§ Records provided
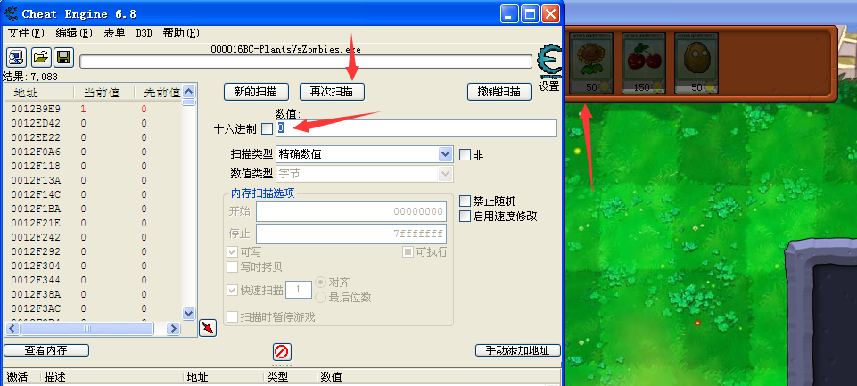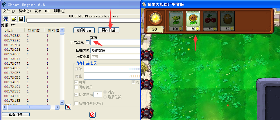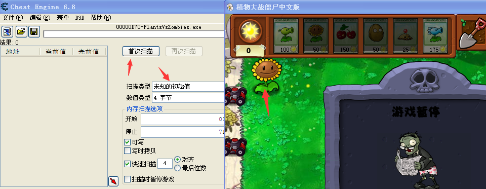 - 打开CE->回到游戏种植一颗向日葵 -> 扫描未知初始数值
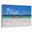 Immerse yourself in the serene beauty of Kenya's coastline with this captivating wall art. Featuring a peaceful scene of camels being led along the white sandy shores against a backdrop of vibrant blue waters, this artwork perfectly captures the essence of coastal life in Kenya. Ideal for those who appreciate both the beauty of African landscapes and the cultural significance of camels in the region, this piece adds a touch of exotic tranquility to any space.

* * *

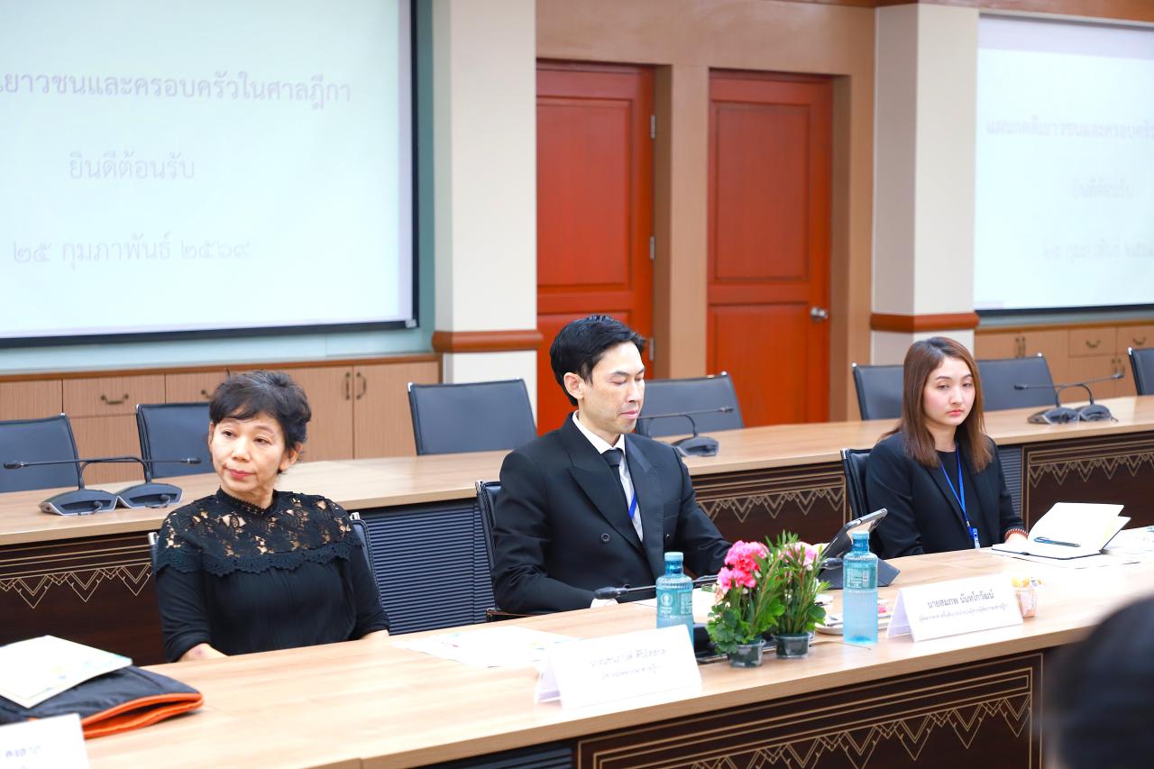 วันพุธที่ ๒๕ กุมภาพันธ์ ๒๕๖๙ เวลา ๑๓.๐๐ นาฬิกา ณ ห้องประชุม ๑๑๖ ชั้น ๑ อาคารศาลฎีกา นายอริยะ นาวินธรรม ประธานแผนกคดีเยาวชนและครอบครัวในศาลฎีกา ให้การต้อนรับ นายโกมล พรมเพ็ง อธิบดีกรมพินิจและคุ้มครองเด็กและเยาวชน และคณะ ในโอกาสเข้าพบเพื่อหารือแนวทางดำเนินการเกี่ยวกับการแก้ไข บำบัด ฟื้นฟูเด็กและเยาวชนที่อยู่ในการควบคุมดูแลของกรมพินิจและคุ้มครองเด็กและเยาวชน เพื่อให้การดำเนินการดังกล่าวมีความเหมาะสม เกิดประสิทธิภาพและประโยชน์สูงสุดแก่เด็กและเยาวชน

§ Aim of the task
Return exactly the lines above, from the one with "- 打开CE->回到游戏种植一颗向日葵 -> 扫描未知初始数值" up to and including the one with "Immerse yourself in", and include no pictures.

§ Written response
 - 打开CE->回到游戏种植一颗向日葵 -> 扫描未知初始数值
 Immerse yourself in the serene beauty of Kenya's coastline with this captivating wall art. Featuring a peaceful scene of camels being led along the white sandy shores against a backdrop of vibrant blue waters, this artwork perfectly captures the essence of coastal life in Kenya. Ideal for those who appreciate both the beauty of African landscapes and the cultural significance of camels in the region, this piece adds a touch of exotic tranquility to any space.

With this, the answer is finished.